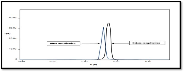 The ability of drugs to exert a biochemical and/or biophysical modification in cellular activity depend mainly on its ability to interact with cellular receptors (macromolecular structures located intracellularly or on the cell surface). This interaction could be achieved by binding of drugs to the cellular surface receptors, nucleic acids or enzymes, which will be reflected the formation of drug-receptor complex which leads to a biologic response. The selectivity of the receptor is mainly determined by the drug receptors interaction involves the formation of chemical bonds, mainly electrostatic and hydrogen bonds, as well as weak interactions involving van der Waals forces. These bonds are important in determining the selectivity of receptors because the strength of these noncovalent bonds is related inversely to the distance between [3]. In DPP the current is measured in two intervals of about (15 ms), the first immediately prior to the potential pulse and the second during but towards the end of the potential pulse. The final current signal displayed is, in fact, the difference of these two current values [4]. The two current values represent the current at two potential values separated by about 10-100 mV (the pulse amplitude). This difference in current will be greatest on the steep rising part of the polarographic wave around the half wave potential, where a small change in potential produces a large change in current.
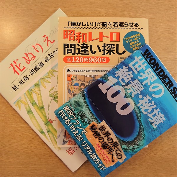 脳トレの本、皆様の脳の運動に使用しています。
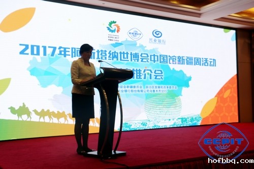 2017年5月12日,2017年阿斯塔纳世博会中国馆新疆周活动路演推介会(以下简称“路演推介会”)在乌鲁木齐顺利召开,此次路演推介会由新疆贸促会、自治区发改委主办,兴业银行乌鲁木齐分行承办。自治区发改委、自治区经信委、自治区招商发展局、自治区文化厅、自治区旅游委、自治区公安厅、自治区财政厅、自治区金融办、自治区商务厅、新疆贸促会、自治区出入境检验检疫局、自治区机电行办、纺织行办、轻工行办、石化行办、建材行办、乌鲁木齐市贸促会、乌鲁木齐职业大学等单位代表和哈萨克斯坦驻乌鲁木齐签证处、哈萨克斯坦中国贸易促进协会、兴业银行乌鲁木齐分行以及疆内企业等100余人出席了会议。会议由自治区商务厅党组成员、新疆贸促会党组书记、会长姚玉珍主持。
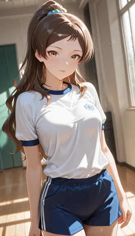 shirt, white shirt, ponytail, short sleeves, shorts, high ponytail, blue shorts, track jacket, gym uniform, sportswear, gym shirt, gym shorts, double vertical stripe,
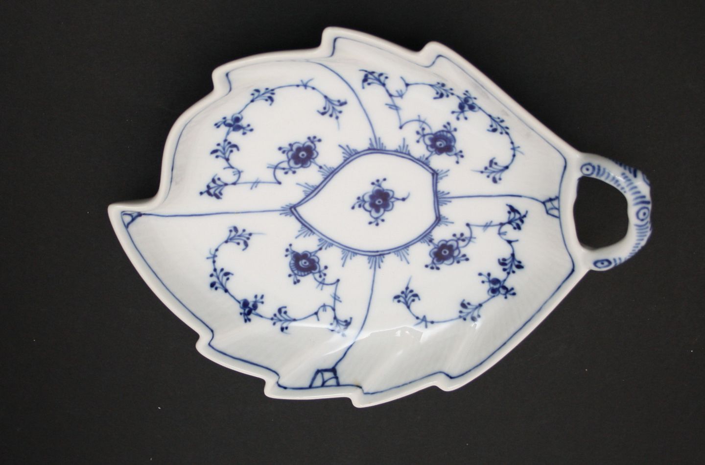 Royal Copenhagen, Musselmalet riflet Bladassiet. Formnr. 1-144. Længde 22,5 cm. Bredde 17,5 cm. Perfekt stand. I. sortering. Pris: SOLGT
____________
> [Exercise directions] Return the material above verbatim, minus the pictures.

> [Task response]
 The ability of drugs to exert a biochemical and/or biophysical modification in cellular activity depend mainly on its ability to interact with cellular receptors (macromolecular structures located intracellularly or on the cell surface). This interaction could be achieved by binding of drugs to the cellular surface receptors, nucleic acids or enzymes, which will be reflected the formation of drug-receptor complex which leads to a biologic response. The selectivity of the receptor is mainly determined by the drug receptors interaction involves the formation of chemical bonds, mainly electrostatic and hydrogen bonds, as well as weak interactions involving van der Waals forces. These bonds are important in determining the selectivity of receptors because the strength of these noncovalent bonds is related inversely to the distance between [3]. In DPP the current is measured in two intervals of about (15 ms), the first immediately prior to the potential pulse and the second during but towards the end of the potential pulse. The final current signal displayed is, in fact, the difference of these two current values [4]. The two current values represent the current at two potential values separated by about 10-100 mV (the pulse amplitude). This difference in current will be greatest on the steep rising part of the polarographic wave around the half wave potential, where a small change in potential produces a large change in current.
 脳トレの本、皆様の脳の運動に使用しています。
 2017年5月12日,2017年阿斯塔纳世博会中国馆新疆周活动路演推介会(以下简称“路演推介会”)在乌鲁木齐顺利召开,此次路演推介会由新疆贸促会、自治区发改委主办,兴业银行乌鲁木齐分行承办。自治区发改委、自治区经信委、自治区招商发展局、自治区文化厅、自治区旅游委、自治区公安厅、自治区财政厅、自治区金融办、自治区商务厅、新疆贸促会、自治区出入境检验检疫局、自治区机电行办、纺织行办、轻工行办、石化行办、建材行办、乌鲁木齐市贸促会、乌鲁木齐职业大学等单位代表和哈萨克斯坦驻乌鲁木齐签证处、哈萨克斯坦中国贸易促进协会、兴业银行乌鲁木齐分行以及疆内企业等100余人出席了会议。会议由自治区商务厅党组成员、新疆贸促会党组书记、会长姚玉珍主持。
 shirt, white shirt, ponytail, short sleeves, shorts, high ponytail, blue shorts, track jacket, gym uniform, sportswear, gym shirt, gym shorts, double vertical stripe,
 Royal Copenhagen, Musselmalet riflet Bladassiet. Formnr. 1-144. Længde 22,5 cm. Bredde 17,5 cm. Perfekt stand. I. sortering. Pris: SOLGT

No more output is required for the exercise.